Pope Francis kicked of an historic six-day U.S. tour in Washington D.C. on Tuesday, with stops at the White House and Congress, Madison Square Garden and the United Nations in New York City and the World Meeting of Families in Philadelphia.

In a nation of 70 million Catholics, the pontiff’s visit was not without controversy. Conservatives have attacked Francis’s criticism of capitalism and his support for greater government intervention on global climate change. Meantime, liberals have expressed displeasure with the church’s unwavering stance on divorce, same-sex marriage and abortion.

Should Americans heed the pope’s message on the environment, the economy and the family? Joel Mathis and Ben Boychuk, the RedBlueAmerica columnists, weigh in.

BEN BOYCHUK

Pope Francis isn’t a politician, an economist or a climatologist. He is first and foremost a priest and a pastor of some 1.2 billion Catholics worldwide. Americans, Catholic and Protestant alike, forget that too easily.

True, Pope Francis discusses politics, economics and the climate in confounding ways. He really doesn’t understand the way free markets work. He’s listening to some highly misguided people about global warming. And, as his visit with Fidel Castro showed, Francis isn’t as outspoken in the face of tyranny as was his predecessor, Saint Pope John Paul II.

But Francis is neither anti-American nor a Marxist. Some conservatives sound like fools when they accuse the pontiff of being something he’s not.

I say this as a Catholic and a conservative myself. Until recently, however, I was among the 75 percent of self-identifying U.S. Catholics who don’t attend mass any given Sunday. I returned to the Church not despite Francis but partly because of him.

Turns out, leftists and environmentalists aren’t the only ones susceptible to making a religion of politics.

In a new book exploring the pope’s views of capitalism and social justice, veteran Vatican reporters Andrea Tornielli and Giacomo Galeazzi ask Francis about his outspoken American conservative critics.

“I do not speak as an economical expert, but according to the social doctrine of the church,” the pope replied. “And this does not mean I am a Marxist. Perhaps whoever has made this comment does not know the social doctrine of the church and, apparently, does not even know Marxism all that well, either.”

He’s right. When the pope talks about the environment and the economy, he is not speaking infallibly. He’s using his moral authority to advance a discussion, not to demand obedience or assent.

This is a point many mainstream American media outlets downplay or miss altogether. Fact is, only a small portion of the pope’s recent controversial encyclical, Laudato Si’, concerned global climate change. Most of it had to do the moral and ethical climate in which we live — one that tends to devalue human life and exalts material things.

“Any technical solution which science claims to offer will be powerless to solve the serious problems of our world if humanity loses its compass,” he writes. Americans would do well to ask if we’ve already lost ours — and what we might do to get it back.

JOEL MATHIS

Who’s more Catholic than the pope? American conservatives, apparently.

The growing, naked hostility of some American conservatives — including many Catholics — toward Pope Francis has been astonishing to behold. And it suggests that, for many of those conservatives, the highest powers they must serve and worship are not a deity or their own faith, but the markets and climate change denialism.

Religious faith, at least, often admits the possibility of doubt, and its priests are often patient and gentle with people struggling to believe. Market fundamentalists, though, demand far more slavish devotion: It’s not enough to agree that capitalism has lifted many people out of poverty or that it has, in fact, helped create many goods. You must cast away any thoughts about its imperfections, cease to point out that the “creative destruction” of the markets can often destroy a few lives on the way to making a greater good.

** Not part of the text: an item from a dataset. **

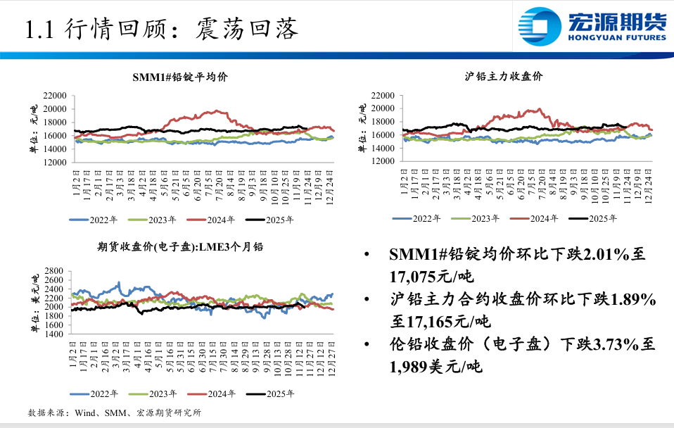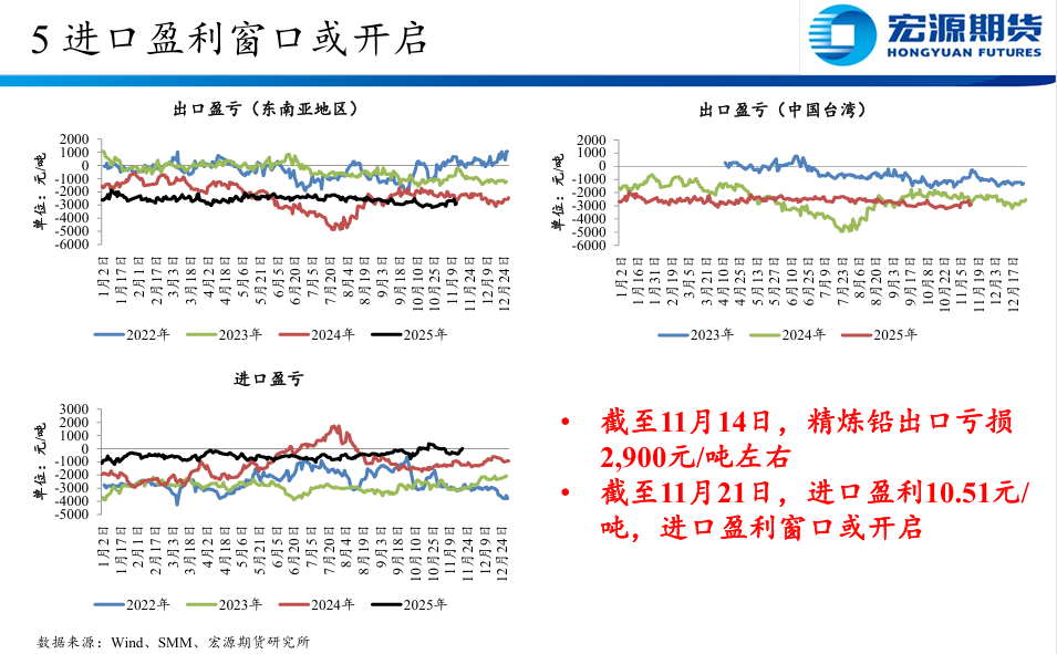沪铅2511合约交割结束后,部分交割货源重回现货流通市场,铅价震 荡回落,下游按需补库,考虑消费暂无明显好转,且成本端支撑略有松动,预计短期铅价震荡偏弱整理, 但下方空间较为有限,前期空单注 意利润保护。后续持续关注原料端 到货对炼厂开工影响。

To believe in climate change is one of the worst heresies of this faith: It is to admit that the markets can sometimes make mistakes, that there are values which can be distorted by the profit motive if unchecked, that sometimes maybe the restraining hand of government is needed in order to preserve the common good.

Pope Francis has proved himself a heretic on these questions. This is not a surprise: His predecessors — Benedict and John Paul — held similar views about the limits of the markets. Conservatives in those days tended to ignore the pontiffs, or to (metaphorically) pet them on the head and muse about how bishops don’t really understand economics.

With Pope Francis, however, we’re treated to talks of a boycott in Congress, to snarling from usually gentle pundits like George Will, and to overall shows of hostility that would’ve been unthinkable just a few years ago.

“I don’t need to be lectured by the Pope about climate change,” Rep. Paul Gosar, a Catholic Republican from Arizona, huffed recently. “When he wants to take a political position, I will tell you: He is free and clear to be criticized like the rest of us.”

The scriptures say you can’t serve both God and mammon. Republicans, it seems, are proving it.